[Opening Data for the task section]
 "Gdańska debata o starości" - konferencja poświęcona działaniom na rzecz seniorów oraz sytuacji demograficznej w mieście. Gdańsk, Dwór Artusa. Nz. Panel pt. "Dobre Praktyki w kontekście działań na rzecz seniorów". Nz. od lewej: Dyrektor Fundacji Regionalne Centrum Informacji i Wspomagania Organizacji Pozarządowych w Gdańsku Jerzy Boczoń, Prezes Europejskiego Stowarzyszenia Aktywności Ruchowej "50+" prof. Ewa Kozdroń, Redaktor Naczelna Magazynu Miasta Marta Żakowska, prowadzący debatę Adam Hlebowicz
[Closing Data for the task section]
[Opening Data for the task section]
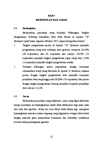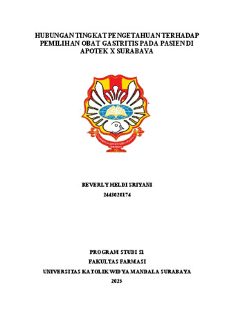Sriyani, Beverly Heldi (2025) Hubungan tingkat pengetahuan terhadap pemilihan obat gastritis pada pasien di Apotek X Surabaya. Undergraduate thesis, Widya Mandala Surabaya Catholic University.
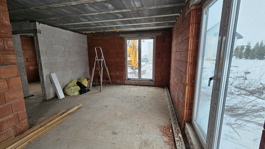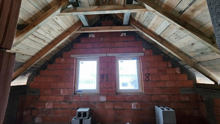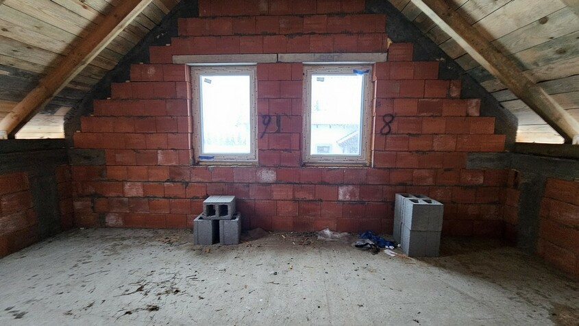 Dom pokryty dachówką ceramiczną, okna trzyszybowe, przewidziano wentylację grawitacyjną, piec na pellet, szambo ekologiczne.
[Closing Data for the task section]
From the records above, transcribe only the stretch from the line with "Sriyani, Beverly Heldi" through the line with "Dom pokryty dachówką", keeping both ends. Omit pictures.

> [Output of the task]:
Sriyani, Beverly Heldi (2025) Hubungan tingkat pengetahuan terhadap pemilihan obat gastritis pada pasien di Apotek X Surabaya. Undergraduate thesis, Widya Mandala Surabaya Catholic University.
 Dom pokryty dachówką ceramiczną, okna trzyszybowe, przewidziano wentylację grawitacyjną, piec na pellet, szambo ekologiczne.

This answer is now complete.